Menggunakan stablecoin sebagai pengganti sementara untuk fiat selama akhir pekan, dan menyelesaikan rekonsiliasi setelah sistem perbankan dinyalakan kembali;

Dapat membangun loop penyelesaian stablecoin internal antara akun pelanggan dan perusahaan dengan pemasok seperti Paxos.

Dana pihak lawan tersedia secara instan

Melalui solusi di atas atau mitra likuiditas, menghindari proses ACH / transfer bank, untuk dengan cepat mengalihkan dana ke bursa / mitra.
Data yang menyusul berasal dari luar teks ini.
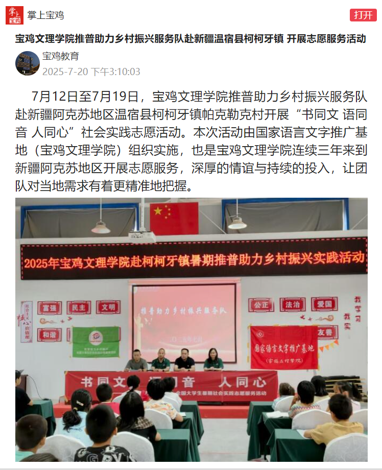 一、学校推普助力乡村振兴服务队赴新疆温宿县柯柯牙镇开展志愿服务活动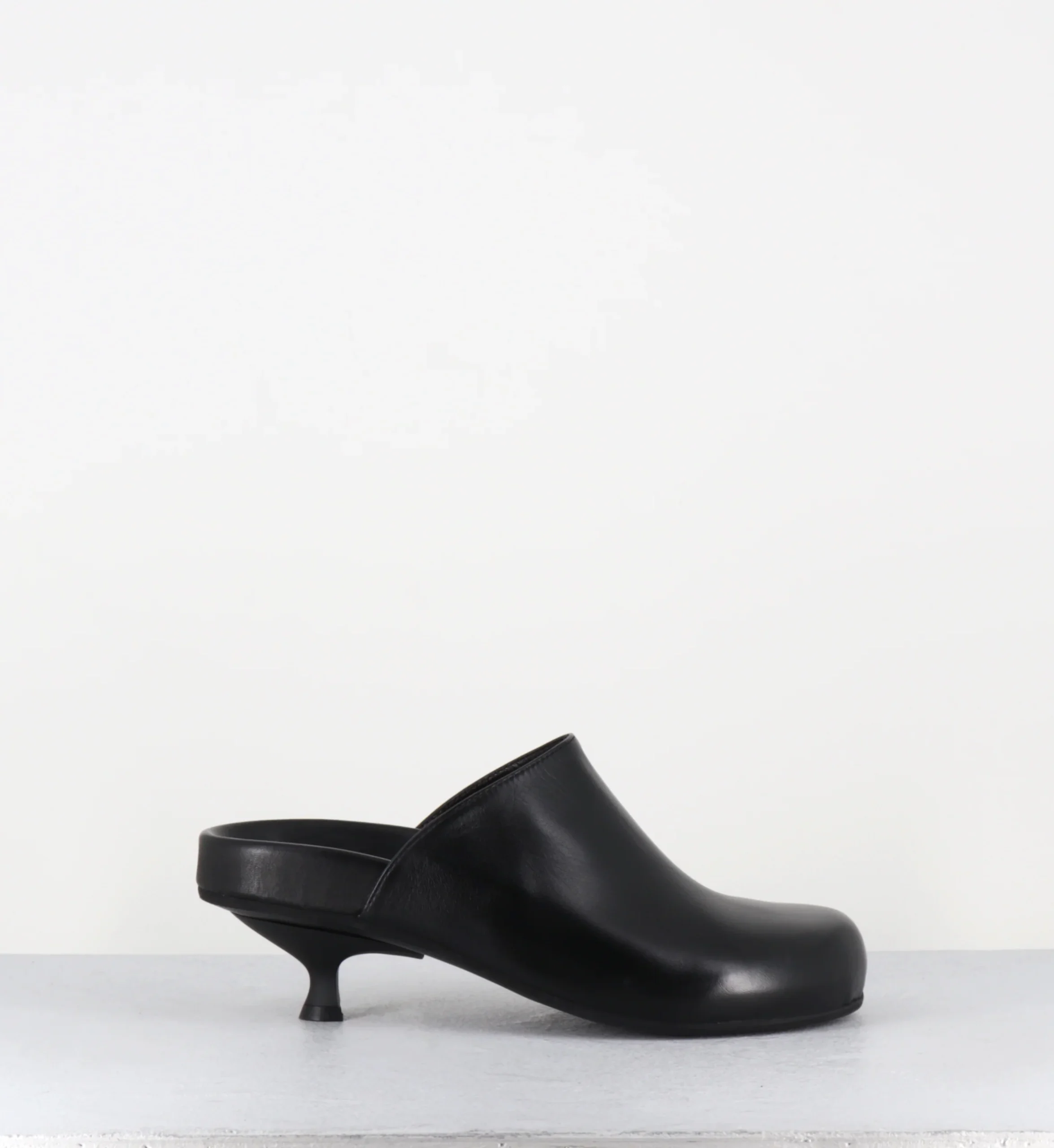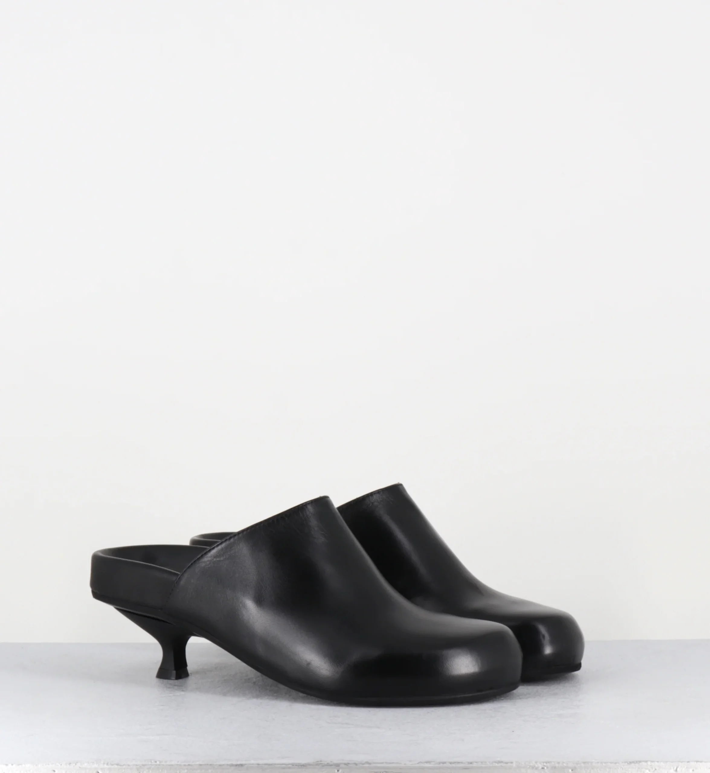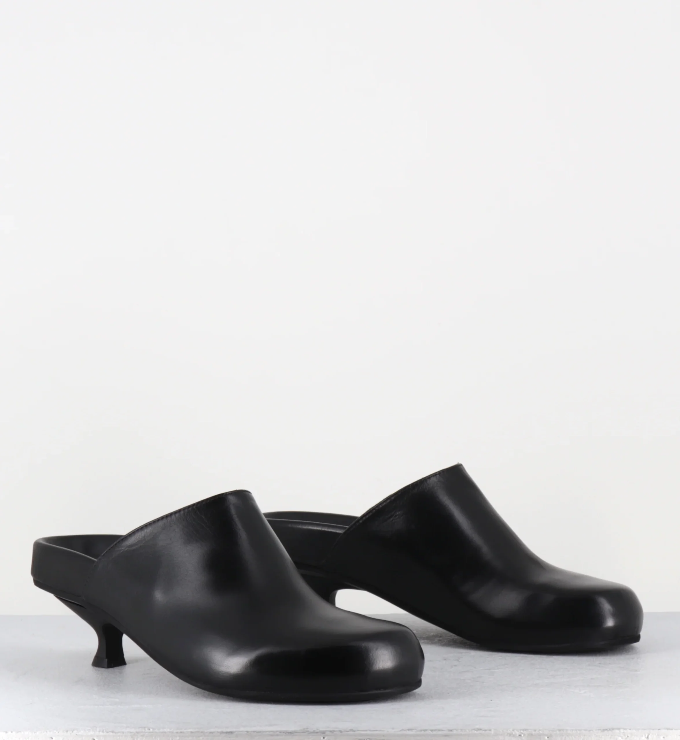 Sabot – mule en cuir noir, forme japonisante légèrement asymétrique, montées sur un kitten heel et une semelle anatomique confortable Fabrication Artisanale Italienne – Ateliers Poeve

Penyesuaian otomatis entitas lintas negara

Ketika saluran fiat ditutup, alokasikan dana antar unit bisnis / anak perusahaan melalui transfer stablecoin on-chain;

Kantor pusat dapat memanfaatkan ini untuk membangun sistem manajemen keuangan global yang otomatis dan dapat diskalakan;

Selain fungsi dasar ini, dapat dibayangkan generasi baru bank yang sepenuhnya didasarkan pada konsep “keuangan yang selalu tersedia, instan, dan dapat digabungkan”. Pengiriman uang dan penyelesaian hanyalah titik awal, selanjutnya akan muncul skenario seperti pembayaran yang dapat diprogram, manajemen aset lintas batas, dan tokenisasi saham. Perusahaan semacam ini akan memenangkan pasar dengan pengalaman pengguna yang luar biasa, matriks produk yang kaya, dan struktur biaya yang lebih rendah.
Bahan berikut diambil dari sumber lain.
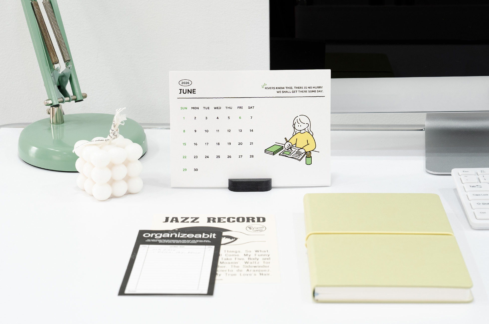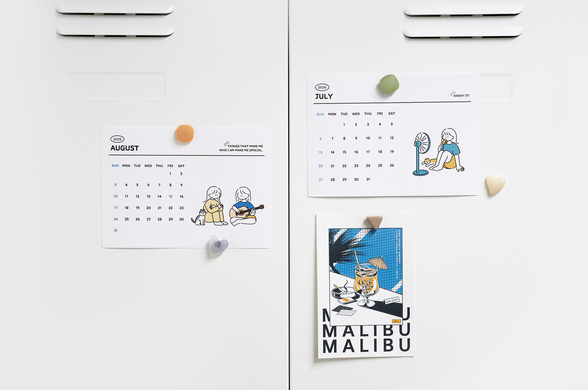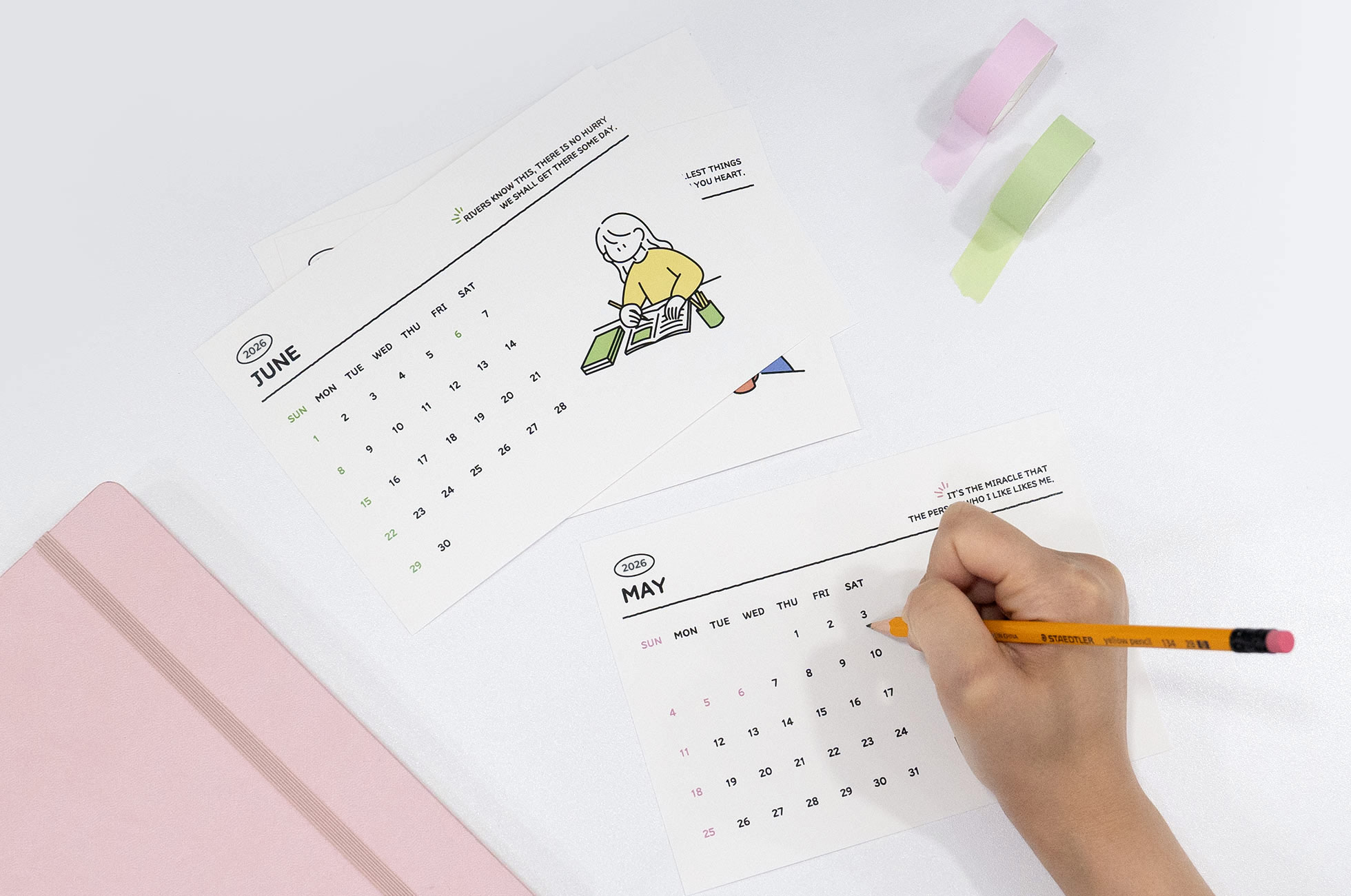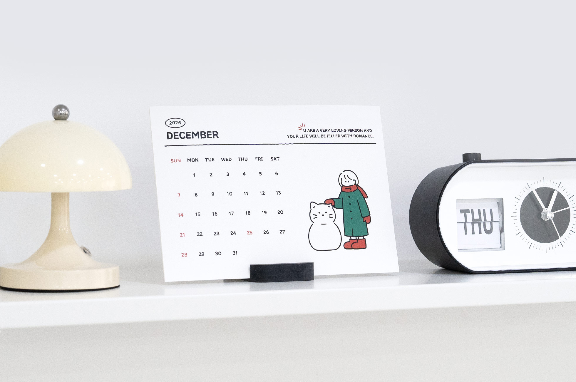 테이블 위 딱 좋은 엽서 사이즈로 달력을 만들어보세요.

Layanan Bank Komersial dan Perusahaan (B2B)

Saat ini, pemilik bisnis di pasar seperti Nigeria, Indonesia, dan Brasil yang ingin membuka rekening dolar di bank lokal harus melewati banyak rintangan. Biasanya, hanya perusahaan dengan volume perdagangan besar atau yang memiliki hubungan khusus yang dapat memenuhi syarat - dan ini juga harus dengan syarat bank memiliki likuiditas dolar yang cukup. Sementara itu, rekening mata uang lokal memaksa pengusaha untuk menanggung risiko bank dan risiko kredit pemerintah sekaligus, yang mengharuskan mereka untuk selalu memperhatikan fluktuasi nilai tukar demi mempertahankan modal operasi. Saat melakukan pembayaran kepada pemasok luar negeri, pemilik bisnis juga harus membayar biaya tinggi untuk menukar mata uang lokal mereka ke dolar atau mata uang utama lainnya.
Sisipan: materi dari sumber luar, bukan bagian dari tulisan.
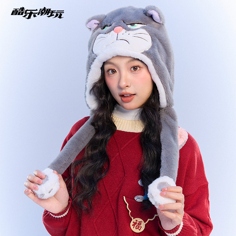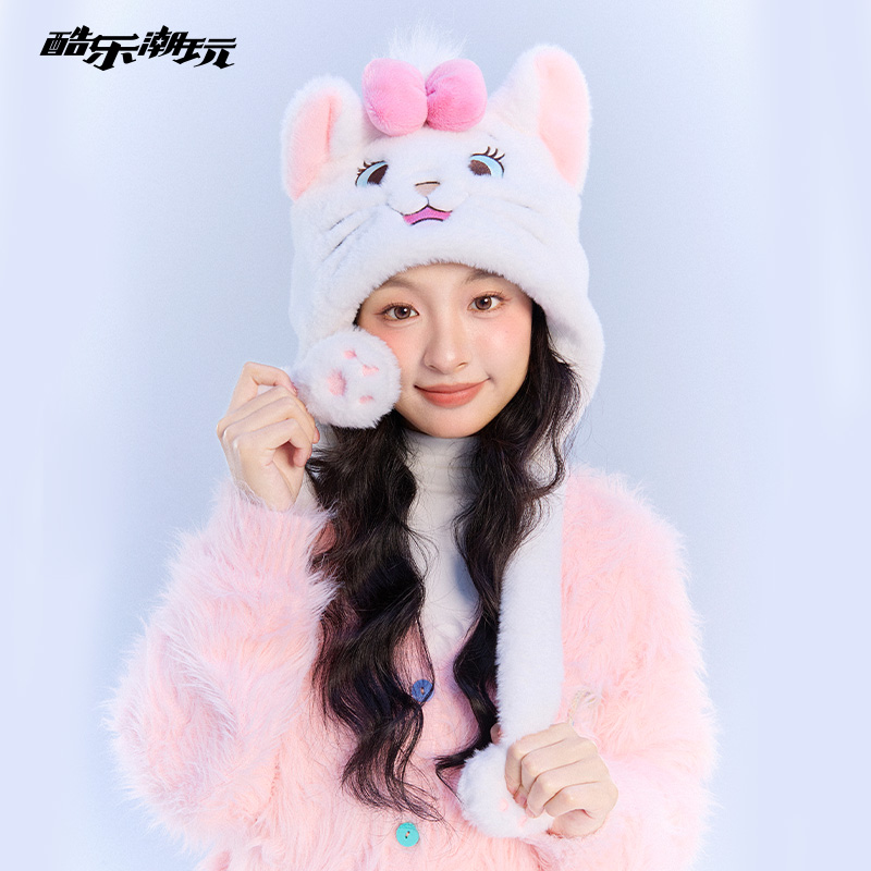 酷乐潮玩迪士尼立体动耳帽路西法灰玛丽猫白可爱趣味仙气保暖帽子

Stablecoin dapat secara signifikan mengurangi gesekan ini, dan bank komersial yang visioner akan memainkan peran kunci dalam proses penerapannya. Melalui platform digital dolar yang sesuai yang dikelola oleh bank (seperti USDC atau USDG), perusahaan dapat mencapai:

  • Tidak perlu membangun banyak hubungan bank untuk memiliki saldo dalam berbagai mata uang;
  • Penyelesaian faktur lintas batas dalam detik (melewati jaringan bank agen tradisional);
  • Setoran stablecoin menghasilkan bunga;

Bank komersial dapat menggunakan ini untuk meningkatkan rekening cek dasar mereka menjadi solusi manajemen dana multi-mata uang global, menawarkan kecepatan, transparansi, dan ketahanan finansial yang tak tertandingi oleh rekening tradisional.

Setelah memperkenalkan stablecoin, rencana praktiknya adalah sebagai berikut.

Layanan Akun Multi-Mata Uang / Dolar Global

Bank mengelola stablecoin untuk perusahaan melalui mitra seperti Fireblocks atau Stripe-Bridge;

Mengurangi biaya startup dan operasional (seperti mengurangi kebutuhan lisensi, membebaskan akun FBO);

Produk berimbal tinggi yang didukung oleh obligasi AS berkualitas tinggi

Bank dapat menawarkan imbal hasil pada tingkat suku bunga dana federal (sekitar 4%) dan risiko kredit yang jauh lebih rendah dibandingkan dengan bank lokal (reksa dana yang diatur oleh AS vs bank lokal);

Perlu menghubungkan penyedia stablecoin berbunga (seperti Paxos) atau mitra obligasi tokenisasi (seperti Superstate/Securitize).

Penyelesaian Real-Time Seharian

Lihat rencana sektor keuangan konsumsi di atas.

Skenario aplikasi global yang kami anggap menjanjikan (platform stablecoin / bank komersial dapat menyelesaikan)

Importir membayar harga barang dalam dolar AS dalam hitungan detik, eksportir luar negeri segera melepaskan barang;

Chief Financial Officers of enterprises can allocate funds in real time across multiple countries, freeing themselves from the delays of correspondent banking systems, making banking services for large multinational groups possible;

Pengusaha di negara dengan inflasi tinggi mengaitkan neraca perusahaan mereka dengan dolar.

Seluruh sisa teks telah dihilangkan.